HMRC defeated the avoidance scheme, in which De Silva and Dokelman participated, in court but the pair argued on a technicality that HMRC could not overturn their loss relief claims arising out of the failed schemes.

However, the Supreme Court ruled in favour of HMRC and established the precedent that these taxpayers, and others waiting for this ruling, will now have to pay their tax.

The case dates back to 2011 and involves two taxpayers, referred to in the judgment as “R (on the application of De Silva and another)”.

A Supreme Court summary stated that investors in the scheme had “invested in and became limited partners of various partnerships in the implementation of marketed tax avoidance schemes”.

Others will have to ‘pay what they owe’

Commenting on the case Jim Harra, director general for customer strategy and tax design at HMRC, said: “This is another great success in HMRC’s drive against tax avoidance.
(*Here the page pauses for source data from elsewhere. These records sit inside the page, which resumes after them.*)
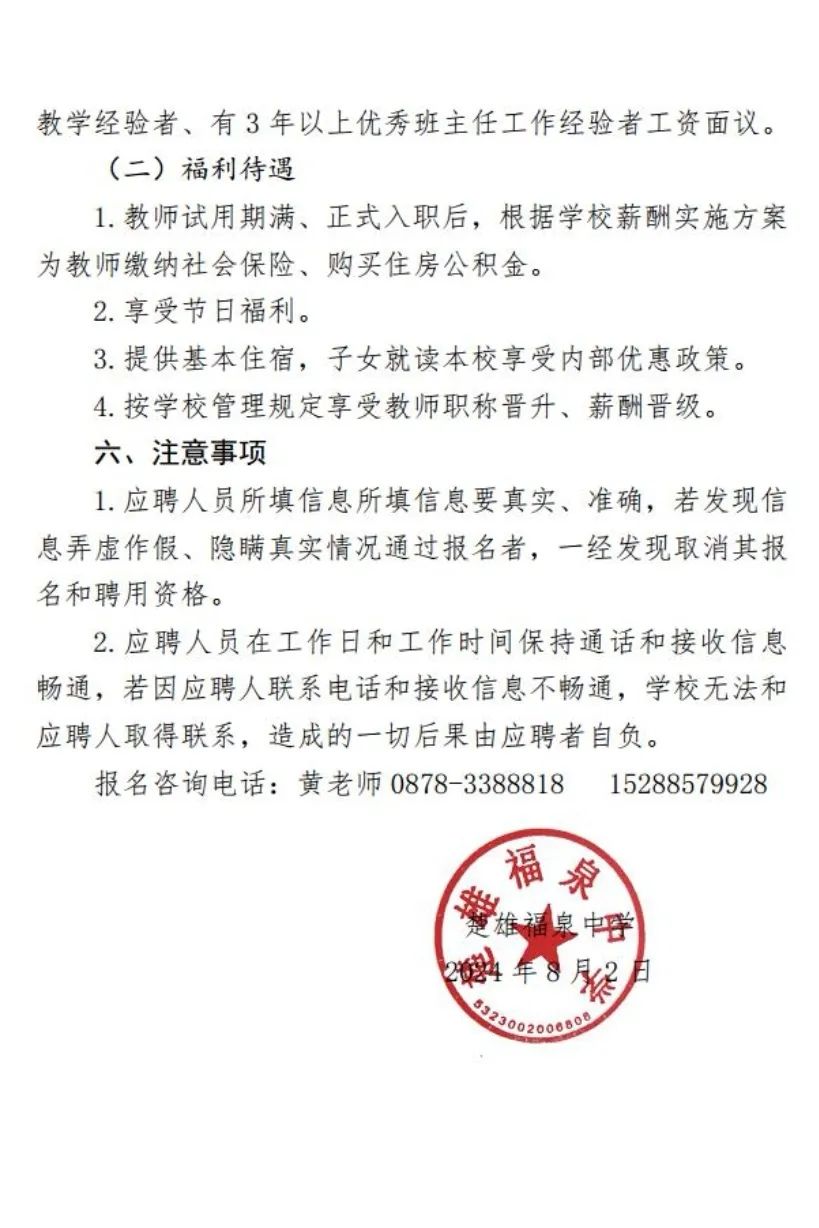 2024年楚雄福泉中學招聘緊缺教師的公告(二)
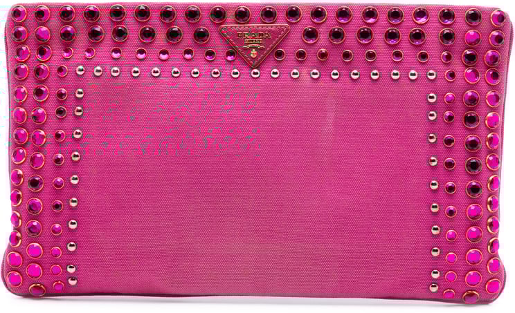 PRE-LOVED FINAL SALE false BEST SELLER Prada Prada Canvas Canapa Studded Vernice Clutch Vanaf Vanaf € 560,-
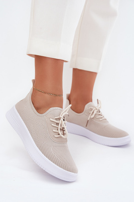 Materiałowe Wsuwane Buty Sportowe Na Platformie Damskie Beżowe Kalyra

HMRC defeated De Silva and Dokelman’s tax avoidance scheme but they still argued on a technicality that the department could not collect the tax.

“The Supreme Court’s decision in favour of HMRC on this point will ensure that these taxpayers and others waiting behind their case will have to pay what they owe.”

String of HMRC victories

The victory is the latest in a string of HMRC victories against investment schemes in the creative industries for tax purposes.

In June the ‘Ingenious’ film partnership lost the latest decision in an ongoing dispute with HMRC over an estimated £700m tax bill after a tribunal ruled losses eligible for tax relief were to be cut to 4%, while the latest ‘Icebreaker’ appeal was dismissed by the Upper Tribunal.

The UK’s tax authority has lost only three of the tax avoidance cases which went to court in 2016-17, out of a total of 26 decisions on tax avoidance between HMRC and a company or individual.